◆ **Task to carry out**
The reply should hold every line of the data below, unchanged, and none of the pictures.

◆ **Input data**
○ ○ ○ ○ ○ ○ ○

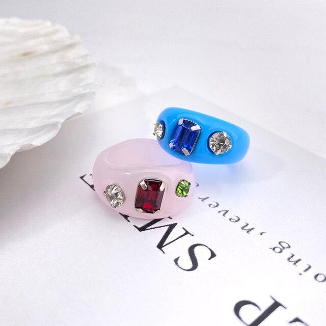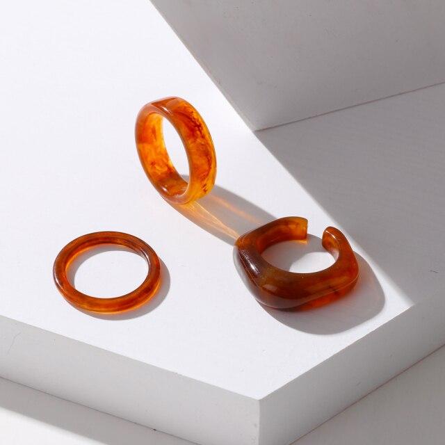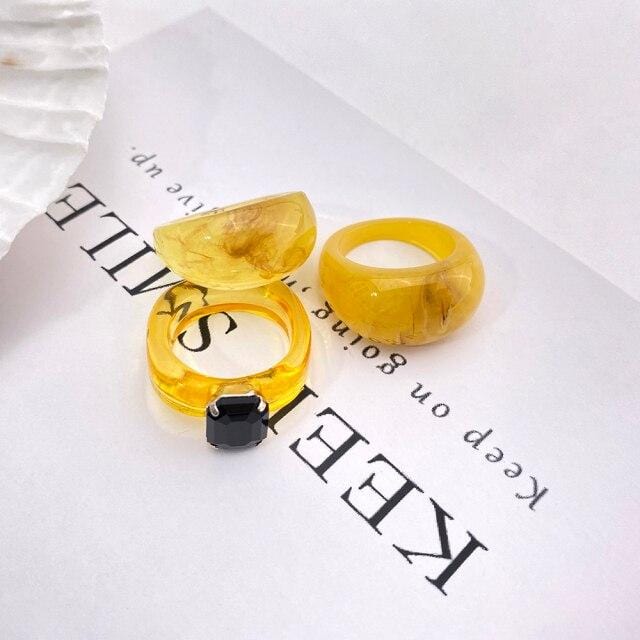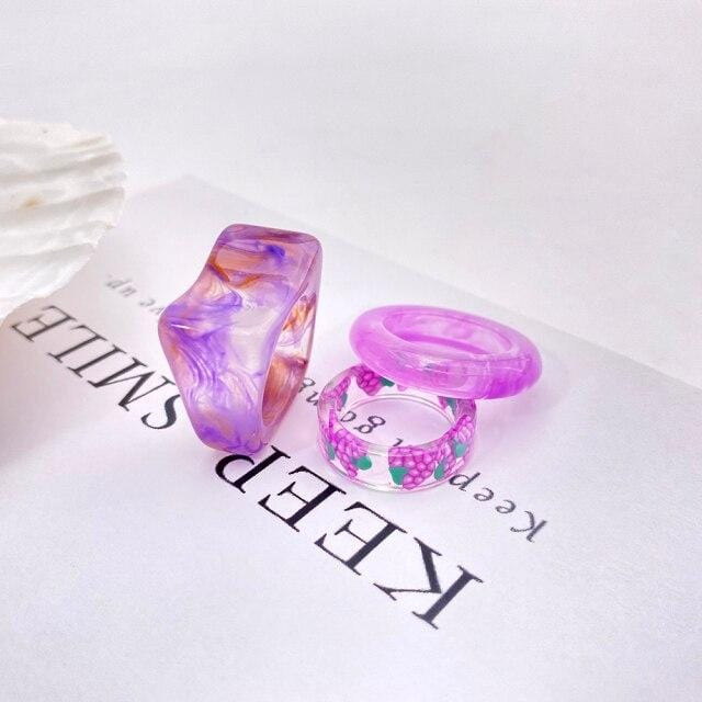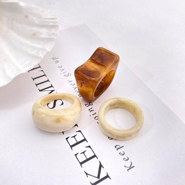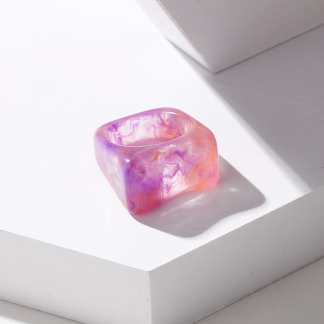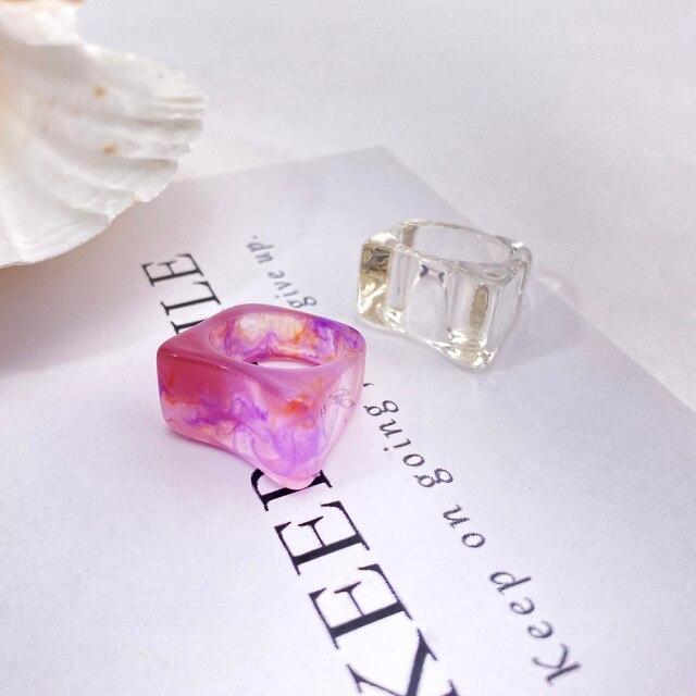 FNIO 2021 New Colorful Transparent Acrylic Irregular Marble Pattern Ring Resin Rings for Women Girls Jewelry
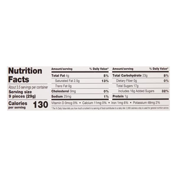 Milk Chocolate (sugar, Cocoa Butter, Chocolate, Milk, And Soy Lecithin – An Emulsifier), Sugar, Corn Syrup, Palm Oil, Dry Whole Milk, Mono And Diglycerides, Natural Flavors, Whey, Confectioner’s Glaze, Salt, Food Starch-modified, Soy Lecithin.
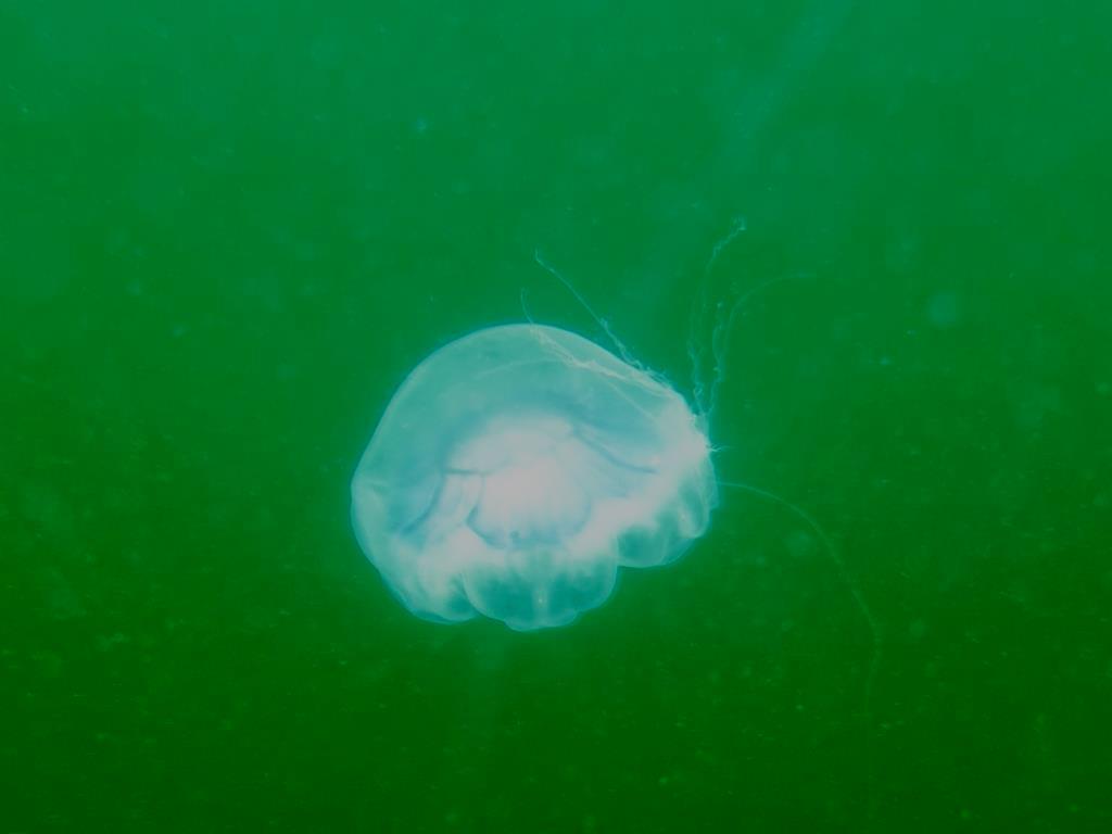 Herefter en rundtur på bunden, hvor sigten var lige så ringe (det ville være god sigt på Robert). Der var ikke mange fisk, men der var dog nogle torsk og langer inde under vraget helt bag til. Ellers var det buskhoveder, åbne sønelikker og flagrende tråde af nøgensnegleæg (tritonia), der nærmest dækkede hele vraget. Og i kobberrøret på broen er der igen taskekrabber…
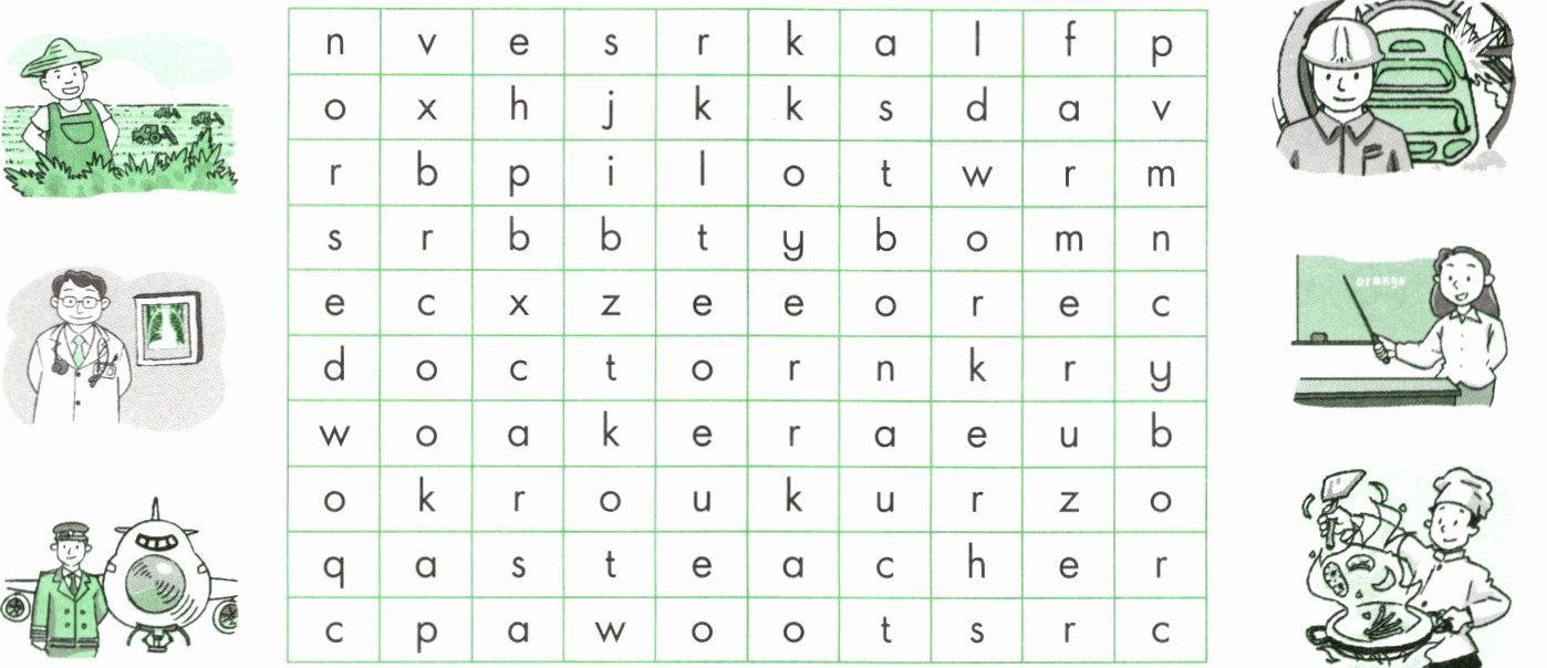 E Look and circle(看图,在字谜中圈出相应的单词)

○ ○ ○ ○ ○ ○ ○

◆ **Answer below**
 FNIO 2021 New Colorful Transparent Acrylic Irregular Marble Pattern Ring Resin Rings for Women Girls Jewelry
 Milk Chocolate (sugar, Cocoa Butter, Chocolate, Milk, And Soy Lecithin – An Emulsifier), Sugar, Corn Syrup, Palm Oil, Dry Whole Milk, Mono And Diglycerides, Natural Flavors, Whey, Confectioner’s Glaze, Salt, Food Starch-modified, Soy Lecithin.
 Herefter en rundtur på bunden, hvor sigten var lige så ringe (det ville være god sigt på Robert). Der var ikke mange fisk, men der var dog nogle torsk og langer inde under vraget helt bag til. Ellers var det buskhoveder, åbne sønelikker og flagrende tråde af nøgensnegleæg (tritonia), der nærmest dækkede hele vraget. Og i kobberrøret på broen er der igen taskekrabber…
 E Look and circle(看图,在字谜中圈出相应的单词)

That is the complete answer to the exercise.